Thanks Bentler for the excellent resource!

1:51 pm on Aug 21, 2001 (gmt 0)

10+ Year Member



Eric J, I think the referenced study needed to refer to absolute sizes (in a Windows environment) to make sense.

Tullis, T.S., Boynton, J.L. and Hersh, H. (1995), Readability of fonts in the windows environment, Proceedings of CHI'95, 127-128.

I don't think they used points because they were thinking traditional print design-- it's just that they wouldn't be able to do a readability study without controlling size as a repeatable constant.

The problem I have with this section is that the size examples are dependent on display resolution, so they're really not useful.
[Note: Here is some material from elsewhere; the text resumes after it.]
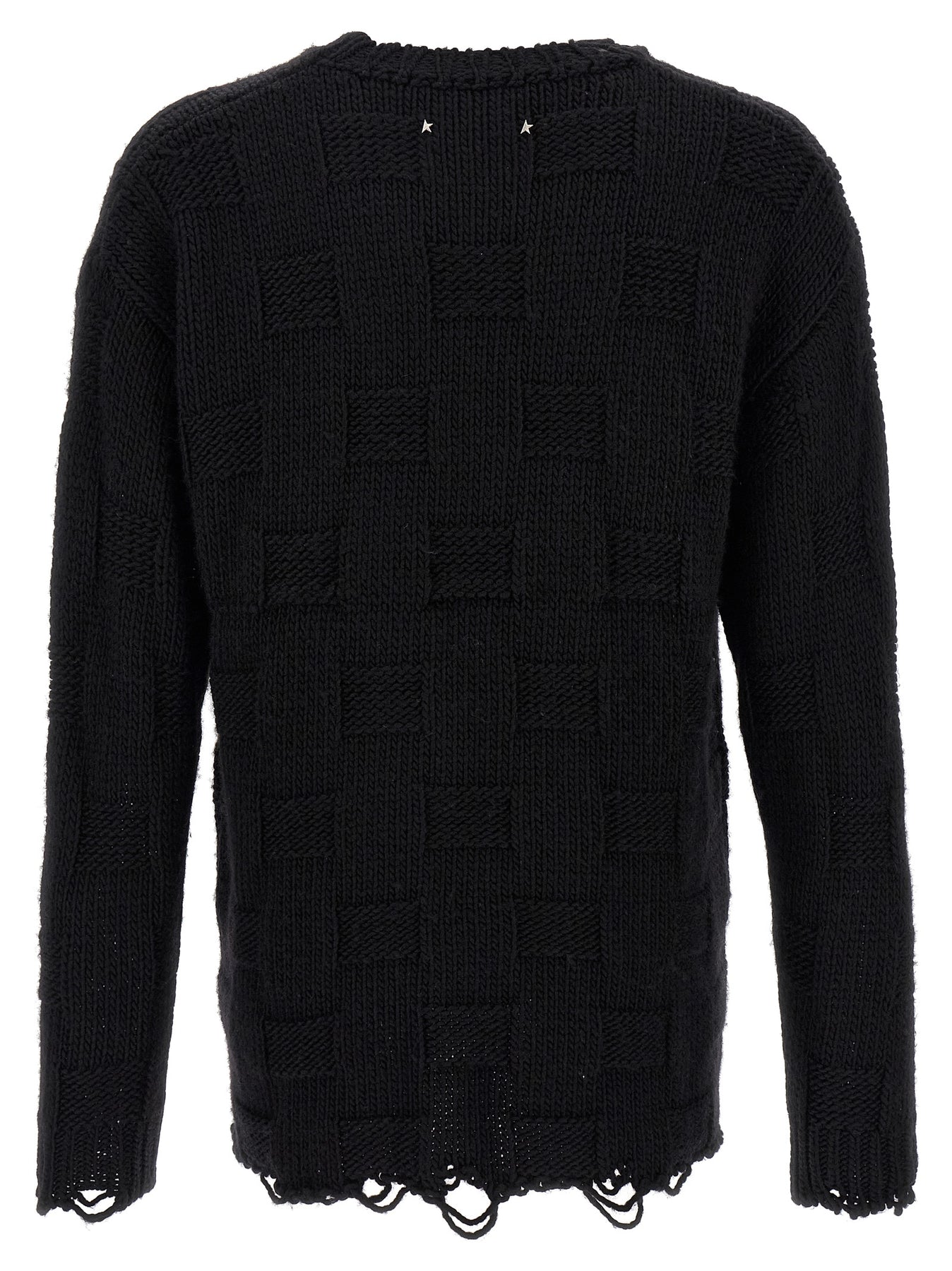 'Journey' wool sweater with 3D effect, crew neck, long sleeves, destroyed effect on the hem and cuffs.

4:01 pm on Aug 21, 2001 (gmt 0)

WebmasterWorld Senior Member 10+ Year Member



Bentler, absolutely...but that simply makes it impossible to draw any usability conclusions from the research...they do the same thing again with screen size...since they have stats for screen resolutions they draw conclusions based on those that would only hold true if the vast majority of users kept their browser window at full screen all the time, and if all browsers were permanently set to accept cookies and with javascript enabled

in both cases the studies might be accurate, but the parameters they have set are so far removed from the actual practicalities of the web that they are entirely useless and potentially very misleading

loads of dee-ziners will use this page to back up claims that they MUST design pages that are exactly 800x600 and full of 10pt text

4:12 pm on Aug 21, 2001 (gmt 0)

10+ Year Member



<<the parameters they...set are so far removed from the actual practicalities of the web that they are entirely useless and potentially very misleading>>

I suppose you're right in that the font size guideline could be pretty misleading. Not quite useless, but difficult to apply at least. What it really seems to be saying is, "don't use a font size that's too small to read" and offers up a reference size that some study found was on the threshold of readability.